Les religions n’ont pas le monopole de l’amour. Mais l’amour que Jésus a manifesté, qu’il appelle à partager, n’était pas un sentiment, un mouvement du cœur, une émotion, un état d’âme comme les amoureux en éprouvent, comme on en manifeste en faille, entre amis proches. Comme les prophètes de l’Ancien Testament l’avaient toujours proclamé, c’était la recherche d’une attitude positive, une compassion pour aider les autres à vivre. « Partage ton pain avec celui qui a faim, recueille le malheureux sans asile, ne te détourne pas de celui qui est ton frère » a dit le prophète Ésaïe. C’est le genre de chose que l’on peut faire alors même qu’on n’éprouve aucun sentiment pour les gens qui ne sont pas toujours sympathiques. Jésus vivait dans le dynamisme créateur de Dieu, animé de son Esprit saint. Homme de Dieu, homme d’amour, il multipliait les paroles et les gestes symboliques. Il accueillait les collecteurs d’impôts haïs et les prostituées méprisées. Il multipliait les pains. Il relevait le paralysé, guérissait le lépreux bien plus qu’un banal guérisseur que l’on paie, que l’on remercie et dont on se détourne. C’est à une vie, pleine et heureuse, une vie d’amour et de joie qu’il ouvrait les gens, sans conditions, sans exiger ni confession des péchés, ni confession de foi.

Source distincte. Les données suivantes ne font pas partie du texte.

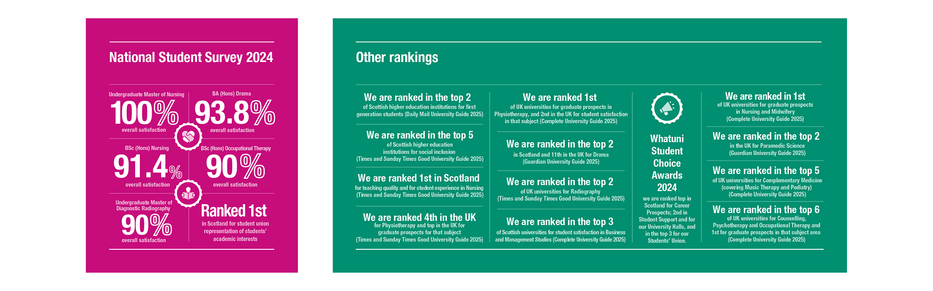 - 3rd of Scottish universities for our Nursing and Physiotherapy programmes; and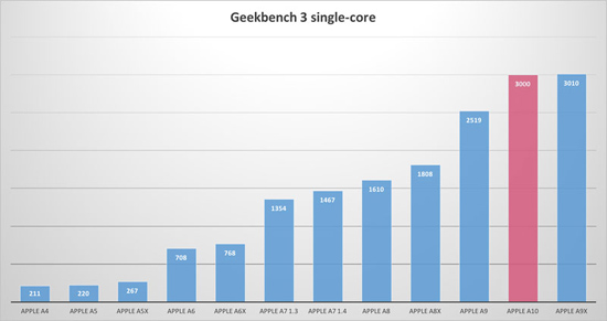 Судя по недавним тестам, Apple A10 демонстрирует результат в 3000 баллов в Geekbench. По сравнению с A9 в iPhone 6s прирост производительности составил внушительные 20%. Таким образом, новая платформа обещает не только серьезный прогресс по части энергосбережения, но и высочайший уровень быстродействия.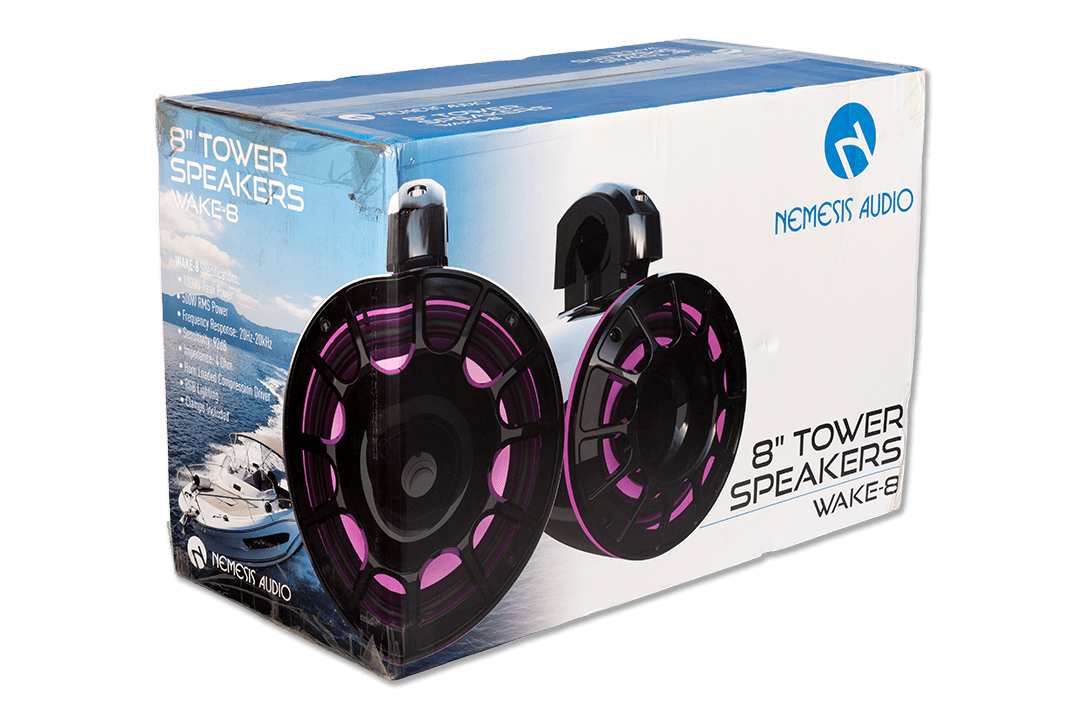 8″ marine (boat) tower speakers, 500W RMS / 1000W peak, 20Hz-20kHz, IP65 rating with RGB lighting.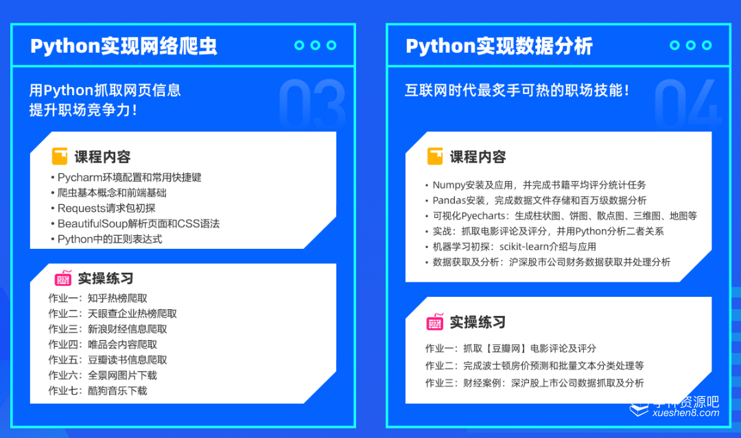 课程一共分为python零基础入门、python实现办公自动化、python实现网络爬虫、python实现数据分析4大模块实操教程以及28个专题包括作业测试和代码练习。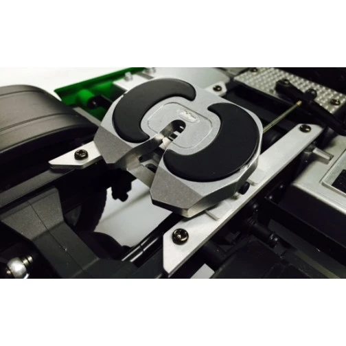 Die Aluminium Sattelkupplung ist offiziell durch die Firma SAF Holland GmbH lizensiert und passend für alle TAMIYA Trucks im Maßstab 1:14. Die Montage der Sattelkupplung ist einfach zu bewerkstelligen, es findet ein 1:1 Austausch statt. Bei Verwendung der TAMIYA Multifunktionseinheit MFC-01 oder MFC-03, kann der Mikroschalter für das „Koppelgeräusch“ ganz einfach an den dafür vorgesehenen Platz montiert werden. Sollten Sie keine Multifunktionseinheit verwenden, so wird hier die im Baukasten enthaltene Verriegelung verwendet. Die Eingesetzten Gleitpolster verleihen dem Modell einen weiteren Punkt an Funktionalität und Detailierung.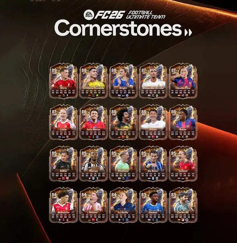 La promo Pilastri, in inglese CORNERSTONES su FC26, è una promo che mette al centro del gioco quei giocatori che fanno la differenza nei loro club, sia che sono leader, una bandiera del club oppure ancora dei giovani talenti. La promo non prevede degli aggiornamenti sui giocatori, oggi è uscito ZUBIMENDI SBC ma tratteremo questo giocatore nell’articolo dedicato. In questo team ci sono dei nomi molto interessanti, spiccano principalmente i centrocampisti con Tijjani Reijnders e Federico Valverde. La promo è sbarcata su FC26 il 26/09/2025 e durerà circa 2 settimane. Ci aspettiamo di vedere molti eventi live, e parecchi obiettivi.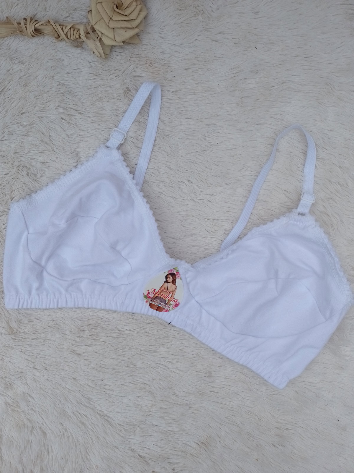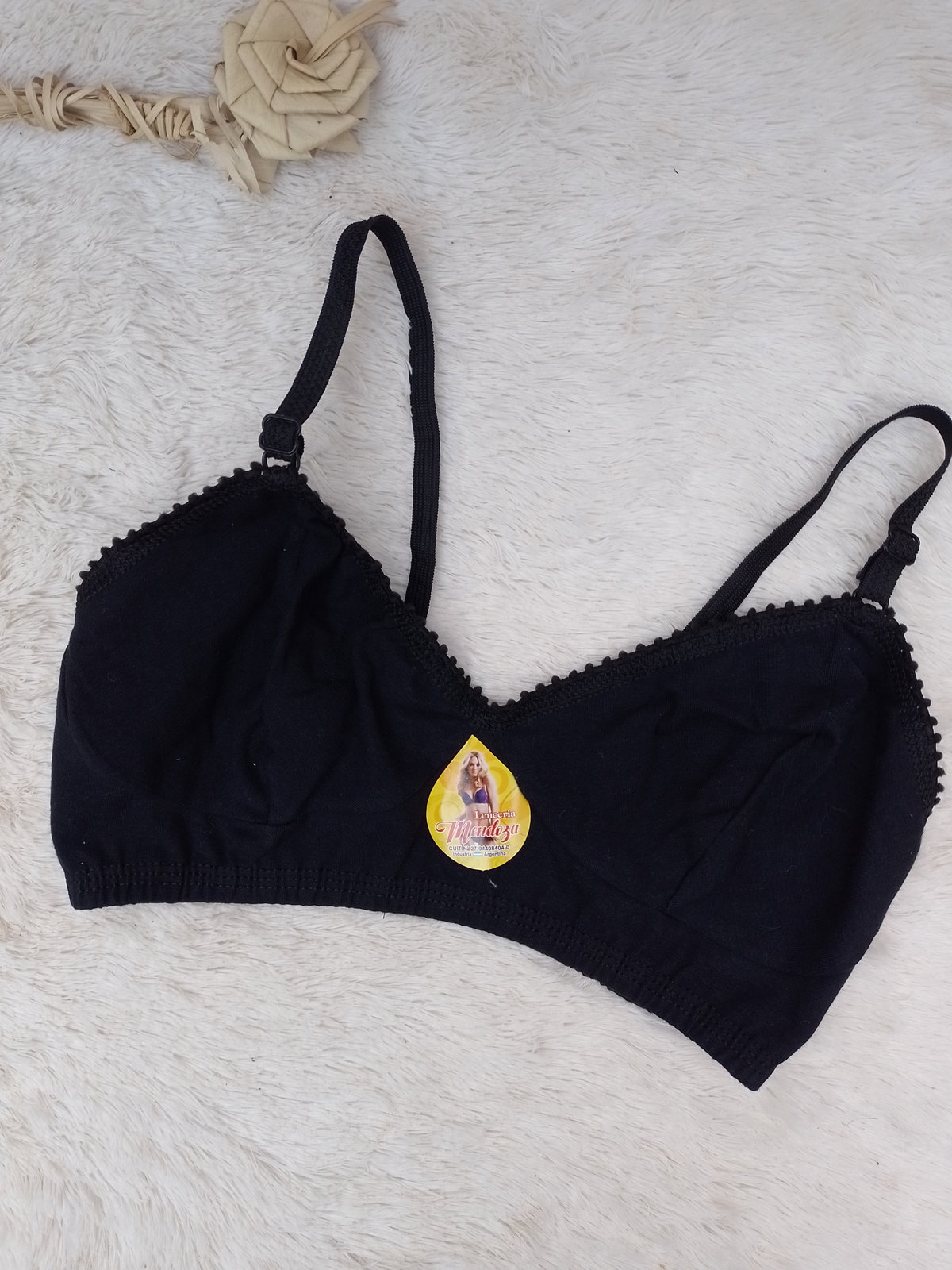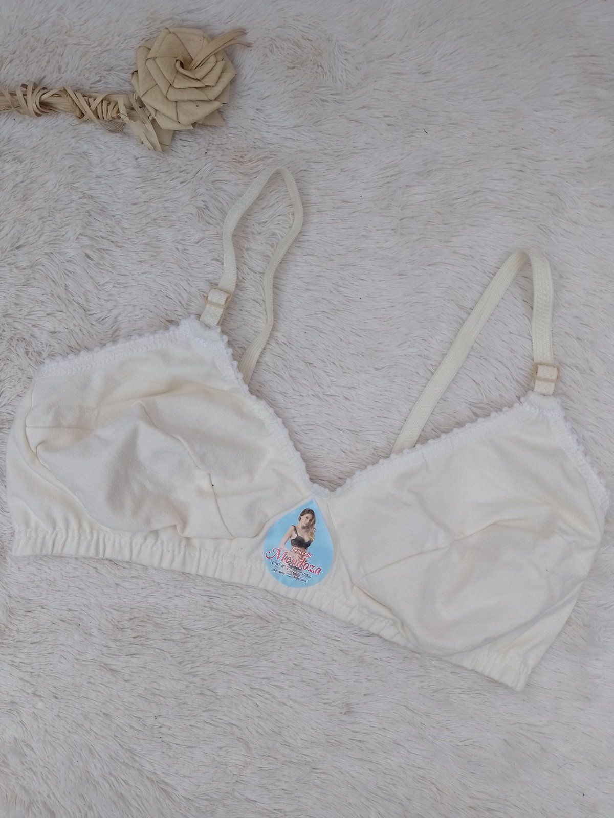 Es un corpiño simple todo de algodón sin taza sin aro tiene ganchito en la espalda.

Les paroles du sermon sur la montagne demeurent inoubliables :

Heureux les pauvres en esprit, le Royaume des cieux est à eux.

Heureux les affligés, ils seront consolés.

Heureux les doux, ils hériteront la terre.

Heureux ceux qui ont faim et soif de justice, ils seront rassasiés.

Heureux les miséricordieux, ils obtiendront miséricorde.

Heureux ceux qui ont le cœur pur, car ils verront Dieu.

Heureux ceux qui procurent la paix, ils seront appelés fils de Dieu.

Heureux ceux qui sont persécutés pour la justice, car le Royaume des cieux est à eux.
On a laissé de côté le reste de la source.